TASK BRIEF –
Could you restate word for word only the lines below from the one holding "Inspección del Dept." to the one holding "3 Basamento piede", inclusive, and leave out the pictures?

STUDY MATERIAL –
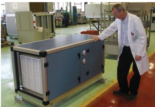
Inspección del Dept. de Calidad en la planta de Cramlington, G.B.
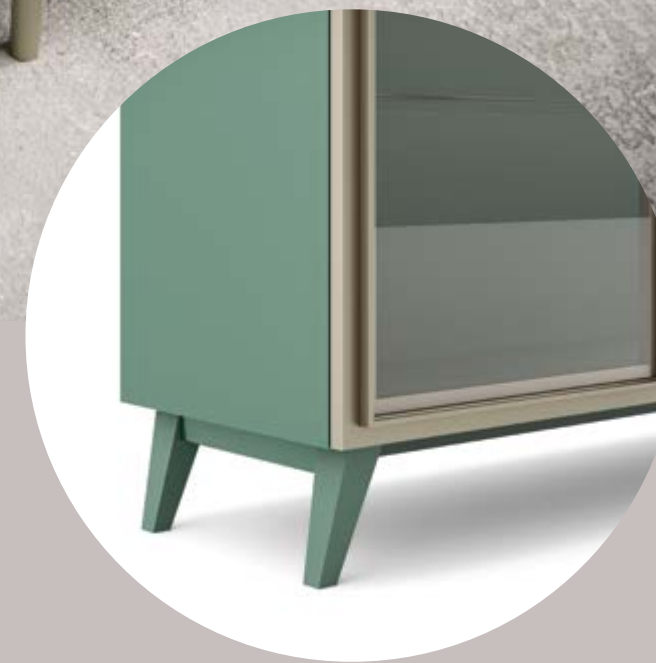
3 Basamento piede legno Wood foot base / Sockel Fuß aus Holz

==

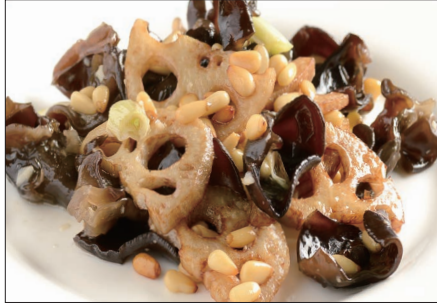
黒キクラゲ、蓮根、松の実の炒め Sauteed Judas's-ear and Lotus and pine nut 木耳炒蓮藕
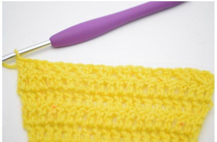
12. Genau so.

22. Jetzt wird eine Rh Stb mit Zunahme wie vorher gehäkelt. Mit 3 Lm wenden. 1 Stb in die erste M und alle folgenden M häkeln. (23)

* * *

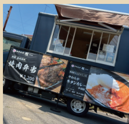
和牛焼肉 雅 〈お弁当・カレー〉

TASK RESULT –
Inspección del Dept. de Calidad en la planta de Cramlington, G.B.
3 Basamento piede legno Wood foot base / Sockel Fuß aus Holz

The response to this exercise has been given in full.